Already on GitHub? Sign in to your account

Upgrading tokens_replace() to keep tokens and keys togather #2324

Closed
koheiw opened this issue Dec 7, 2023 · 4 comments
Closed

Upgrading tokens_replace() to keep tokens and keys togather #2324

koheiw opened this issue Dec 7, 2023 · 4 comments

Comments

@koheiw
Copy link
Collaborator

koheiw commented Dec 7, 2023

We sometimes keep track of tokens matched to dictionary patters but it is not easy (see #2063). tokens_replace() can be used add keys to original tokens (e.g. "United States/Countries") but only with fixed patterns.

require(quanteda)
txt <- c(d1 = "The United States is bordered by the Atlantic Ocean and the Pacific Ocean.",
         d2 = "The Supreme Court of the United States is seldom in a united state.")
toks <- tokens(txt, remove_punct = TRUE)

dict <- dictionary(list(Countries = c("United States", "Federal Republic of Germany"),
                        Cceans = c("Atlantic Ocean", "Pacific Ocean")), tolower = FALSE)

tokens_lookup(toks, dict)
#> Tokens consisting of 2 documents.
#> d1 :
#> [1] "Countries" "Cceans"    "Cceans"   
#> 
#> d2 :
#> [1] "Countries"

To use tokens_replace(), we need to know all the matches beforehand. It is not possible when patterns are glob.

# fixed dictionary

pat <- unlist(dict, use.names = FALSE)
rep <- paste0(pat, "/" ,rep(names(dict), lengths(dict)))
tokens_replace(toks, phrase(pat), rep)
#> Tokens consisting of 2 documents.
#> d1 :
#>  [1] "The"                     "United States/Countries"
#>  [3] "is"                      "bordered"               
#>  [5] "by"                      "the"                    
#>  [7] "Atlantic Ocean/Cceans"   "and"                    
#>  [9] "the"                     "Pacific Ocean/Cceans"   
#> 
#> d2 :
#>  [1] "The"                     "Supreme"                
#>  [3] "Court"                   "of"                     
#>  [5] "the"                     "United States/Countries"
#>  [7] "is"                      "seldom"                 
#>  [9] "in"                      "a"                      
#> [11] "united"                  "state"

# glob dictionary

dict2 <- dictionary(list(Countries = c("* States", "Federal Republic of *"),
                         Cceans = c("* Ocean")), tolower = FALSE)

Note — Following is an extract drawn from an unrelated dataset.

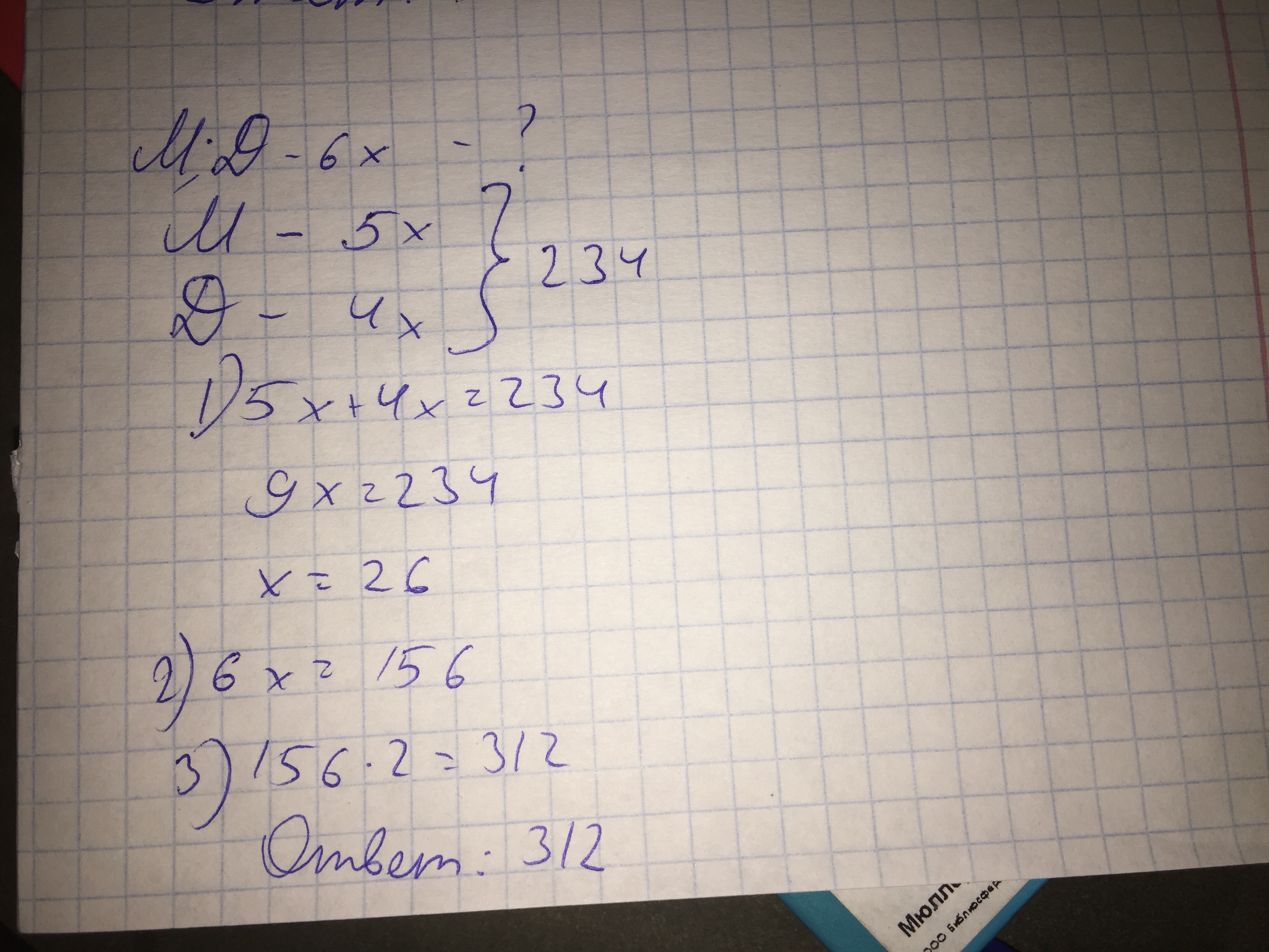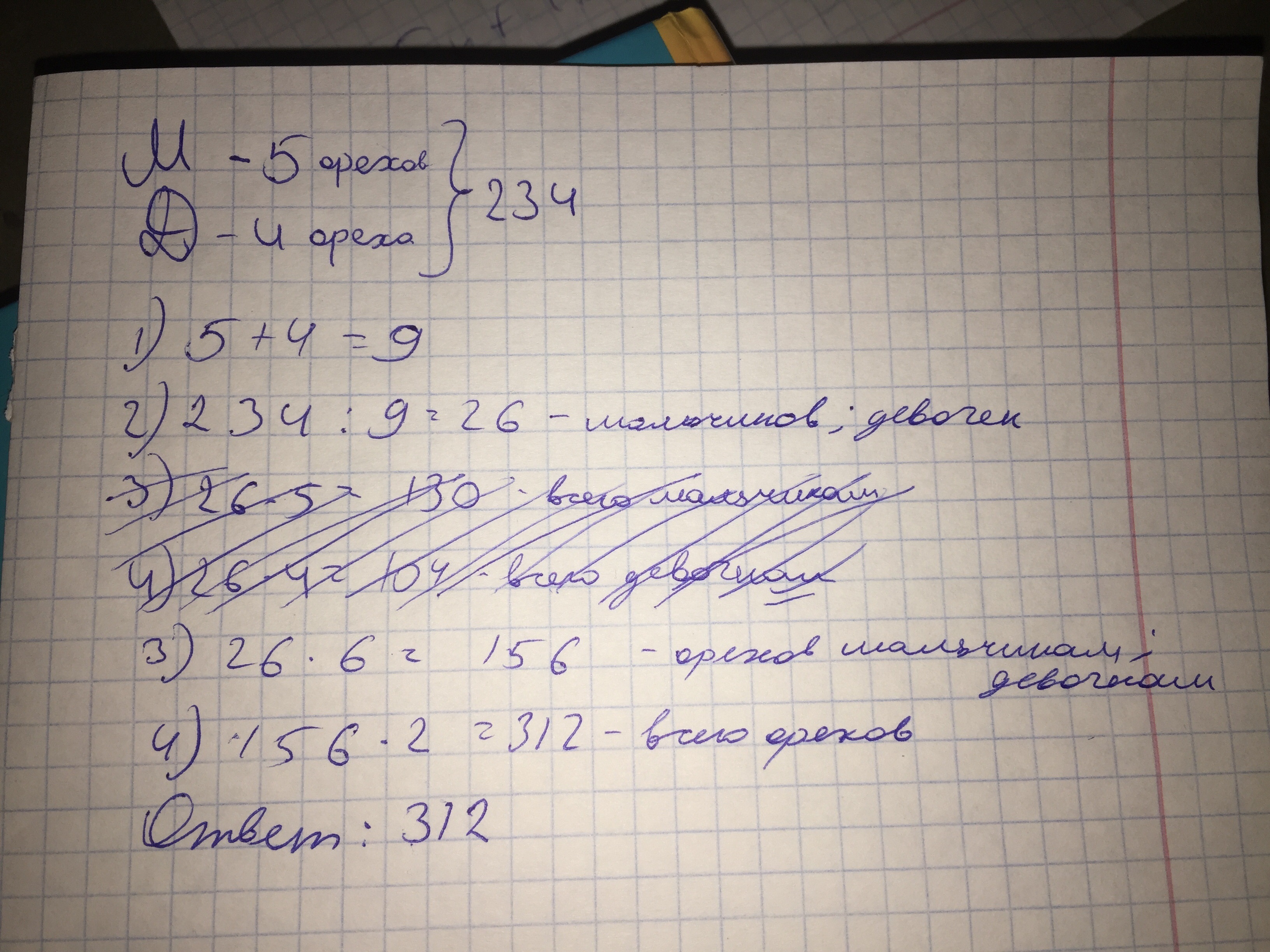 в школе равное число девочек и мальчиков. я принёс 234 ореха и каждому мальчику досталось по 5 орехов каждой девочке по 4 ореха но девочки обиделись и в другой раз я принёс столько орехов что всем досталось по 6 сколько орехов я принёс? плез с краткой записью ат о убьёет( а у меня всё впереди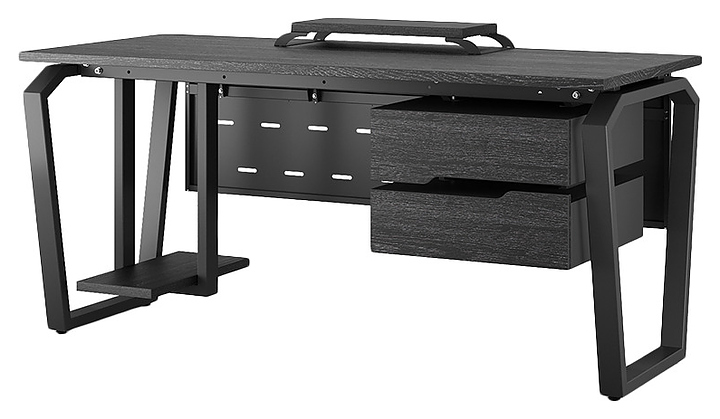 Офисный стол Кобор TB-100/80 black/glazed используется в офисных помещениях и кабинетах руководителей. Модель оснащена опорами в форме обратной трапеции со скошенными верхними углами. Каркас выполнен из металла, выкрашенного в цвет черный муар (RAL9005), столешница – из ламинированной древесно-стружечной плиты (ЛДСП) цвета черный дуб (H3178 ST37). Опции (заказываются отдельно):

pat2 <- unlist(dict2, use.names = FALSE)
rep2 <- paste0(pat2, "/" ,rep(names(dict2), lengths(dict2)))
tokens_replace(toks, phrase(pat2), rep2)
#> Tokens consisting of 2 documents.
#> d1 :
#>  [1] "The"                "* States/Countries" "is"                
#>  [4] "bordered"           "by"                 "the"               
#>  [7] "* Ocean/Cceans"     "and"                "the"               
#> [10] "* Ocean/Cceans"    
#> 
#> d2 :
#>  [1] "The"                "Supreme"            "Court"             
#>  [4] "of"                 "the"                "* States/Countries"
#>  [7] "is"                 "seldom"             "in"                
#> [10] "a"                  "united"             "state"
@koheiw
Copy link
Collaborator Author

koheiw commented Dec 8, 2023

Using tokens_compound(), we can achieve this without changing the C++ code! I did not like how tokens_replace() work with dictionary but this is useful behavior. We could also substitute tokens_lookup(exclusive = FALSE) with this.

require(quanteda)
txt <- c(d1 = "The United States is bordered by the Atlantic Ocean and the Pacific Ocean.",
         d2 = "The Supreme Court of the United States is seldom in a united state.")
toks <- tokens(txt, remove_punct = TRUE)

dict2 <- dictionary(list(Countries = c("* States", "Federal Republic of *"),
                         Oceans = c("* Ocean")), tolower = FALSE)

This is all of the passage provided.